The workers want the government to stop implementing the hurried, secretive Adani deal. For a country in which the courts have held in a number of recent rulings that public participation must be carried out in arriving at decisions that directly or indirectly affect the people, the airport workers, who are key stakeholders, appear not to have been involved in the ceding of this critical and valuable national asset to the foreign firm.

So far, the government has only revealed that the Indian private firm will upgrade the airport by constructing a second runway and building a new passenger terminal. This is nearly all the material information that has been revealed with regard to the 30-year build-operate-transfer (BOT) contract.

Of major concern to the Kenyan workers, and their union leaders, however, is the increasing number of strangers spotted around the airport, who are said to be Adani’s employees taking stock of Kenya Airports Authority (KAA) assets. They are allegedly often accompanied by KAA managers and security personnel. The KAA workers fear that their jobs may be at stake.

Unexplained movements

They have demanded that these secretive and unexplained movements by strangers at the airport be stopped immediately. They also want full disclosure of the details of the government’s deal with Adani Enterprises.

To fully resolve the dispute and end the crisis, it is important that the government should come clean on the Adani deal. A crucial question that is begging for answers is, why the single-sourcing for privatisation of such a strategic national asset? Why wouldn’t the government adhere to the principles of transparency and accountability required of it by the Constitution in the management of public resources? The law requires that contracts that the government signs with foreign countries, organisations and even donors on behalf of the Kenyan people are made public. 
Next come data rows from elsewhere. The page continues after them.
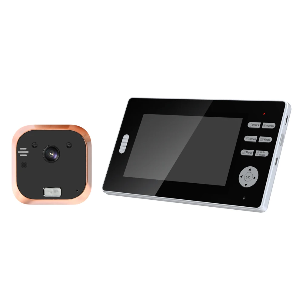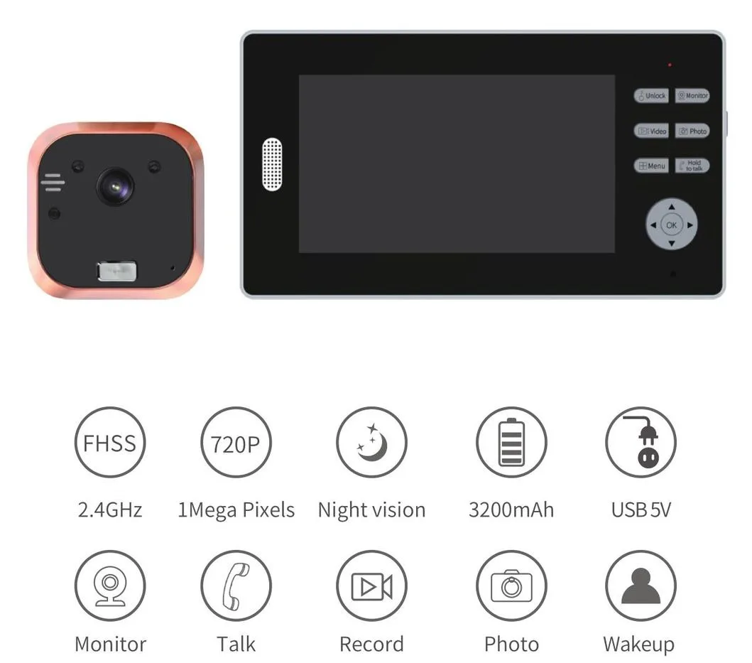 Product Description Specification Parameter Specification Product Type 2.4G Wireless Peephole Video Doorbell Display Screen 7-inch high-definition LCD Wireless Technology 2.4GHz digital frequency hopping and encryption Transmission Distance Up to 50 meters Night Vision Infrared CUT switch night vision (5 meters) Intercom Supported Monitoring Supported Video Function Supported Photo Function Indoor monitor can take photos or videos (auto/manual) Melody 12 chord melody Date & Time Display Yes Battery Type 3200mAh lithium battery (indoor & outdoor units) Unlock Control Supports electric lock and electromagnetic lock Indoor Unit Size 236 x 130 x 18 mm Outdoor Unit Size 102 x 70 x 14 mm; Cat eye diameter: 14 mm Angle 120° Brand OEM Model Number WD702 Network 2.4G Horizontal Angle 150° Doorbell to Indoor Monitor Distance 50 meters Night Vision Range 5 meters Recommended by seller 7-Inch IP55 Terminal Relay Output Color Video Fingerprint Recognition Door Access System.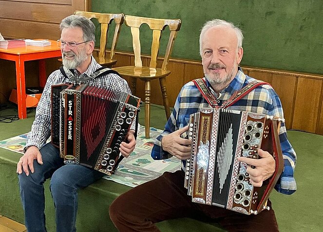 Auch für gute Unterhaltung waren unsere harmonikaspielenden Mitglieder ins Dorfstüberl mitgekommen.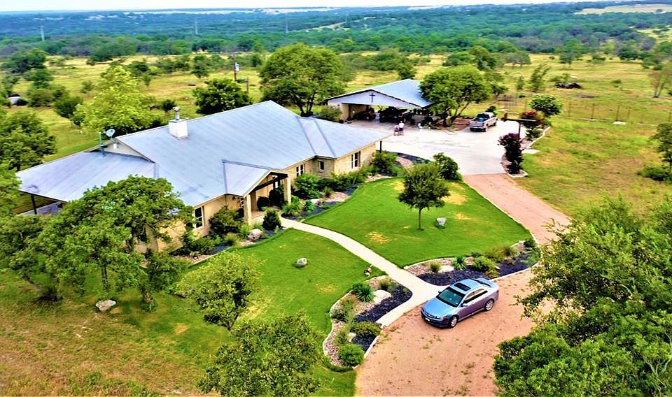 Between Harper and Fredericksburg 40 acres! One step into this beautiful, custom, 4,000 sf home and you will be greeted by a gorgeous stone fire place sitting in a spacious living room with open layout, including the dining area and kitchen. The stunning living room floor is comprised of cut limestone with inlays of ancient fossils scattered throughout. As you make your way through this four-bedroom, two bath, two half-bath home you will find luxuries such as an especially large pantry, an expansive game room and a sizeable mud/laundry room. With this estate sitting on a hilltop peak, you will be in awe of the spectacular panoramic views this home has to offer. Included on this 40-acre property is a large car port with great potential to serve as an additional entertaining area.

Why the bulldozing of this particular deal at a time when there is increased clamour for full disclosure of contracts that add to the public debt load?

The disruption yesterday at Kenyan airports caused a huge inconvenience to travellers who use this strategic hub to get around the world.
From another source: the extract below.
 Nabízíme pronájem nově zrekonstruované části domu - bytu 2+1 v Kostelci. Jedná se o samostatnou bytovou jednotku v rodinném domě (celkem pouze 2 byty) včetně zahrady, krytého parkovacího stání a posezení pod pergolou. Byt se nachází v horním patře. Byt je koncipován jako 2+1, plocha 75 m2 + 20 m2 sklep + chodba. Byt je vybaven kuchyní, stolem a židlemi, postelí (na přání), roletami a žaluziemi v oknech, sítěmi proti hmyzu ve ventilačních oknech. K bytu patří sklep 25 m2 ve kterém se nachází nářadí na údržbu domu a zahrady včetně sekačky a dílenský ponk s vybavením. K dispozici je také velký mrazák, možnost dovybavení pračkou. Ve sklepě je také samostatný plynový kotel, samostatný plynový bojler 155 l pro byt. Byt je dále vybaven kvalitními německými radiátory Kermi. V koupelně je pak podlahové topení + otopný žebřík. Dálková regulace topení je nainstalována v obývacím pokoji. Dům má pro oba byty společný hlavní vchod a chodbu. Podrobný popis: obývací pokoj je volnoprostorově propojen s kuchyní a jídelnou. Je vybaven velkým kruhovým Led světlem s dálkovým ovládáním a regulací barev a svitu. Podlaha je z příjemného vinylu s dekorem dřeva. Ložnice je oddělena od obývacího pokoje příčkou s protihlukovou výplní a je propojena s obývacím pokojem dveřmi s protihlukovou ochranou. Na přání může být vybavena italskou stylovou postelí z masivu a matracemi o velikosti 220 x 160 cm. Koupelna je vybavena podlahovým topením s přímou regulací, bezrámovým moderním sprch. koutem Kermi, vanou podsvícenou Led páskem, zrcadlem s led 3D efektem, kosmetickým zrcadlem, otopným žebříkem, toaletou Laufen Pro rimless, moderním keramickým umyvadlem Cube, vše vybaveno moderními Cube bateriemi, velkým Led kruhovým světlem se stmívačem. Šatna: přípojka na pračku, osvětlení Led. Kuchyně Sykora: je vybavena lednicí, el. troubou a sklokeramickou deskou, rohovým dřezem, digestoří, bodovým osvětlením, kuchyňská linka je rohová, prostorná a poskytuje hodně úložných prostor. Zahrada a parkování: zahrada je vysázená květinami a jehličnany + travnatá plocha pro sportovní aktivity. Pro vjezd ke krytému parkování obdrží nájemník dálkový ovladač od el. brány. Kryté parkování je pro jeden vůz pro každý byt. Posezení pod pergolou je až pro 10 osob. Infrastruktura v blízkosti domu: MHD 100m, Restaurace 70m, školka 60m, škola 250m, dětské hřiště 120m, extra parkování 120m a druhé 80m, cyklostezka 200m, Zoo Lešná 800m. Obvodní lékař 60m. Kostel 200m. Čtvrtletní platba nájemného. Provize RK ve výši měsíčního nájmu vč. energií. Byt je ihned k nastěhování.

As airlines counted their losses caused by the disruption of services at key airports, businesses were also adversely affected.
Though normal operations are expected to resume, this matter is far from over. Indeed, the workers’ union stated that agreeing to return to work does not mean that they are happy with the Adani deal.

Transport Cabinet Secretary Davis Chirchir promised that the Adani deal details will be tabled in court for public scrutiny. Already, two key organisations, the Kenya Human Rights Commission and the Law Society of Kenya have challenged it in court. They have opposed the leasing to the Indian conglomerate what they describe as a strategic and profitable national asset. They are also convinced that the Sh238 billion required to revamp the JKIA can be raised locally to avoid leasing out the strategic airport for three decades.

It is important that all government contracts, including public debts, are transparently entered into only after being fully and transparently scrutinised. The days of opaque government deals signed by a few crooked people are long gone. The veil of secrecy around public contracts must be lifted to ensure value for present and future Kenyan generations.